> _Data shown_
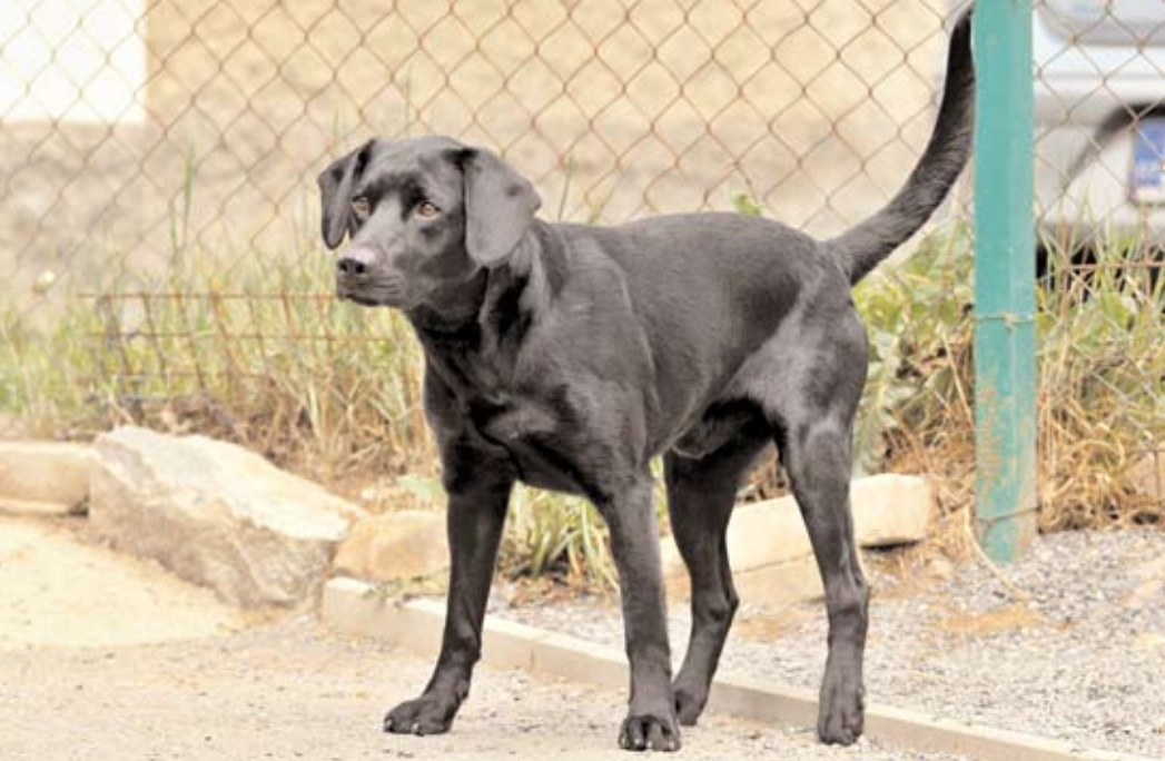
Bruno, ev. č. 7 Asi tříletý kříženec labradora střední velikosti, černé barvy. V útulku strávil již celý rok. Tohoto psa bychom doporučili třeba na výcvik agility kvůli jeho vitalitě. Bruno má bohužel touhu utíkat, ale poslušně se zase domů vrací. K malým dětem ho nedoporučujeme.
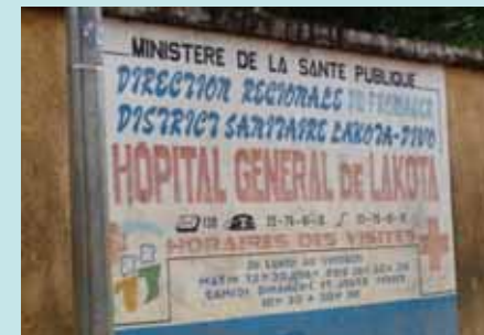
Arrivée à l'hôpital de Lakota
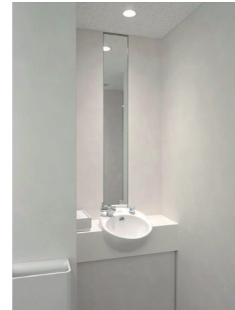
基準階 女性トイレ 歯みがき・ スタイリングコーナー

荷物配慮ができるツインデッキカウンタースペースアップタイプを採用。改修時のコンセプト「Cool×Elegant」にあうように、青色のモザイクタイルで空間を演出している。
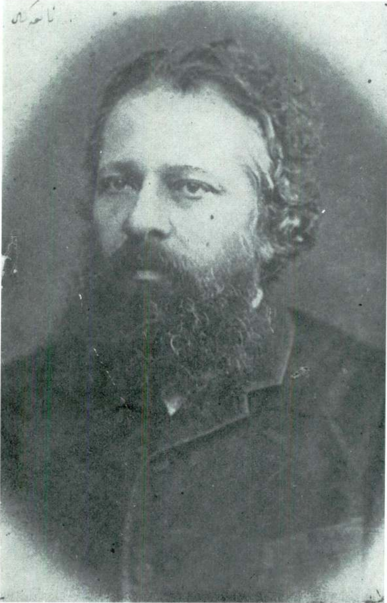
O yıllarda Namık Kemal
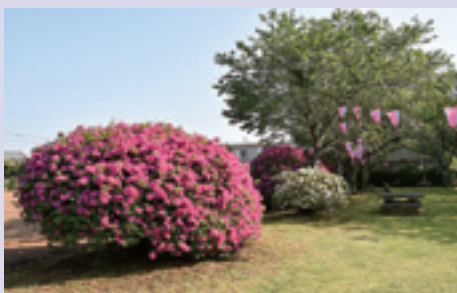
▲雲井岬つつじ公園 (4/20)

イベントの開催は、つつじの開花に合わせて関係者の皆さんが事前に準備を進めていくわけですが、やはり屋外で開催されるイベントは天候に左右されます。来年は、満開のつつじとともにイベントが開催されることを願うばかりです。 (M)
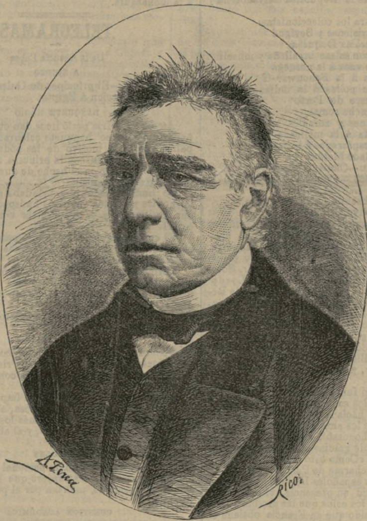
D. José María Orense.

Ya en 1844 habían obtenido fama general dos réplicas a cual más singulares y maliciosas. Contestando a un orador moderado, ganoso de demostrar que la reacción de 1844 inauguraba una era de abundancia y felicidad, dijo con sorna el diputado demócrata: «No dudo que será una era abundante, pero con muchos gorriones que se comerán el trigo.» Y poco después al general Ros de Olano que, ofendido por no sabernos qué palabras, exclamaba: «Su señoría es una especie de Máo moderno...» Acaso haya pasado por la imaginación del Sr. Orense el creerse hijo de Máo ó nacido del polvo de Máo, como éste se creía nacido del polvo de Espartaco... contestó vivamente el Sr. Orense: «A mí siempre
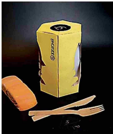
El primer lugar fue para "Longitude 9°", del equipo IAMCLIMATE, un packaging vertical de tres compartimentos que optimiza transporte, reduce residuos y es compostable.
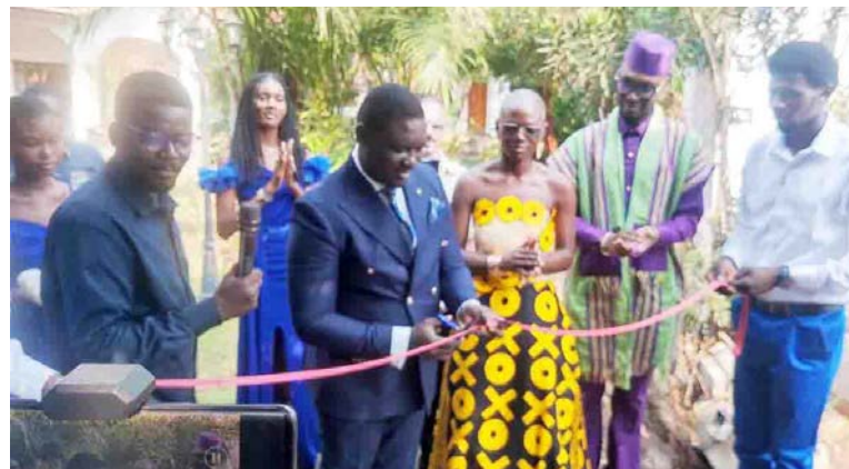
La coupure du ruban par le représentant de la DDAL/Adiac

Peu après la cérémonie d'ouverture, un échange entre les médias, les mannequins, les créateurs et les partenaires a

* * *

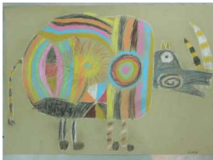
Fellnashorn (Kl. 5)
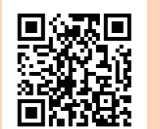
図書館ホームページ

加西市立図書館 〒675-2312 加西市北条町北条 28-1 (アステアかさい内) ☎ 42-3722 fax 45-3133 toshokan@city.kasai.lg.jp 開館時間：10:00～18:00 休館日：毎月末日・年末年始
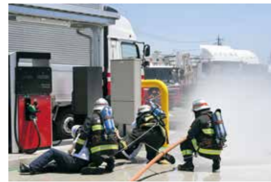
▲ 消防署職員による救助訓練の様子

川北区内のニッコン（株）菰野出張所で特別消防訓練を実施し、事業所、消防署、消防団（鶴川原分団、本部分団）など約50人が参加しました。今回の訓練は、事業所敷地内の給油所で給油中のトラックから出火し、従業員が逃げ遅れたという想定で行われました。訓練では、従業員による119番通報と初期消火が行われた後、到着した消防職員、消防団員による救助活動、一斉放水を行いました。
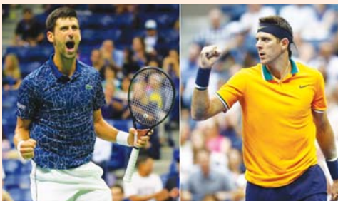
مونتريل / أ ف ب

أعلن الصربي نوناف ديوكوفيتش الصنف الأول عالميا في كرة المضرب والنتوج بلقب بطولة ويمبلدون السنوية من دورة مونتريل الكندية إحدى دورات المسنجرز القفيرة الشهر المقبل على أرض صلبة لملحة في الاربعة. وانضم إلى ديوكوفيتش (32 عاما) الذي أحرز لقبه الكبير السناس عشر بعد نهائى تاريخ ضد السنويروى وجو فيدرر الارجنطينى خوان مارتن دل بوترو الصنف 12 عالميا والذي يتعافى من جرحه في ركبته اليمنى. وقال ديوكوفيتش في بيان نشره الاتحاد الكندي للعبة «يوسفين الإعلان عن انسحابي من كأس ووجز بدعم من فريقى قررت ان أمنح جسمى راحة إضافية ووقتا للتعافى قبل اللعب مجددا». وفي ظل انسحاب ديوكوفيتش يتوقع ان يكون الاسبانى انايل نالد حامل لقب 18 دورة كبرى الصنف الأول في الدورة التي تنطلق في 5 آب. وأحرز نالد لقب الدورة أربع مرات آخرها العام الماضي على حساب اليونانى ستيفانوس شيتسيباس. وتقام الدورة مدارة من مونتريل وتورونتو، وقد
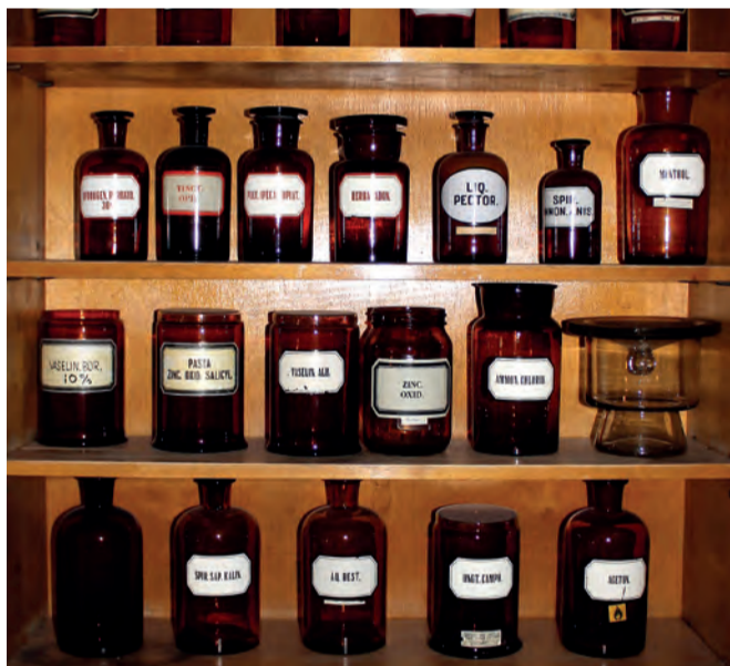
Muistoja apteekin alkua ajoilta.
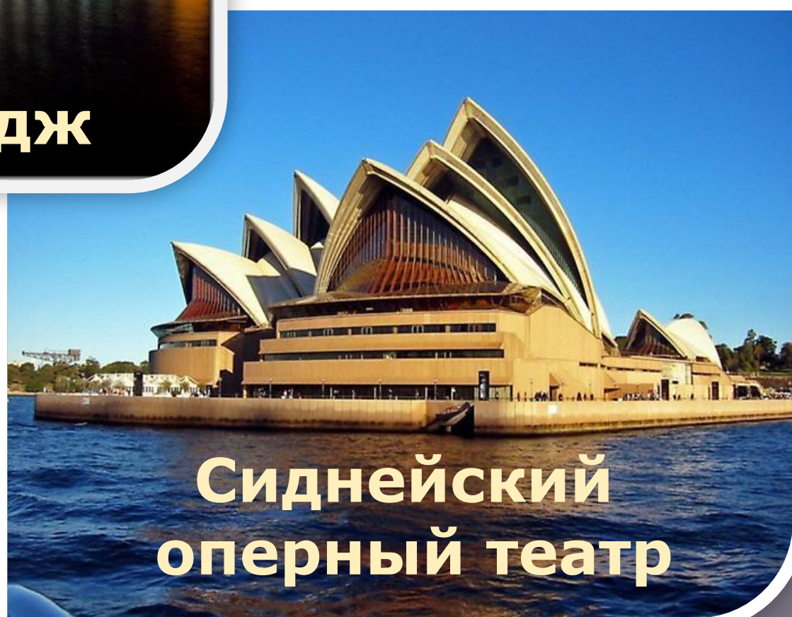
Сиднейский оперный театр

* * *

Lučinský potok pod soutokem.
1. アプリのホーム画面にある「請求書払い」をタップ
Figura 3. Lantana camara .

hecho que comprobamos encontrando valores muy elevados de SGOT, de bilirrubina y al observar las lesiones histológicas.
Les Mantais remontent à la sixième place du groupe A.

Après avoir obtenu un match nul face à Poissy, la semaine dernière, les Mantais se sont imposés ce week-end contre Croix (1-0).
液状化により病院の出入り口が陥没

> _What you are asked to do_
Transcribe, from the material above, the stretch starting at the line with "O yıllarda Namık Kemal" and ending at the line with "D. José María Orense.", both included, exactly. Do not carry over pictures.

> _Task output_
O yıllarda Namık Kemal
▲雲井岬つつじ公園 (4/20)

イベントの開催は、つつじの開花に合わせて関係者の皆さんが事前に準備を進めていくわけですが、やはり屋外で開催されるイベントは天候に左右されます。来年は、満開のつつじとともにイベントが開催されることを願うばかりです。 (M)
D. José María Orense.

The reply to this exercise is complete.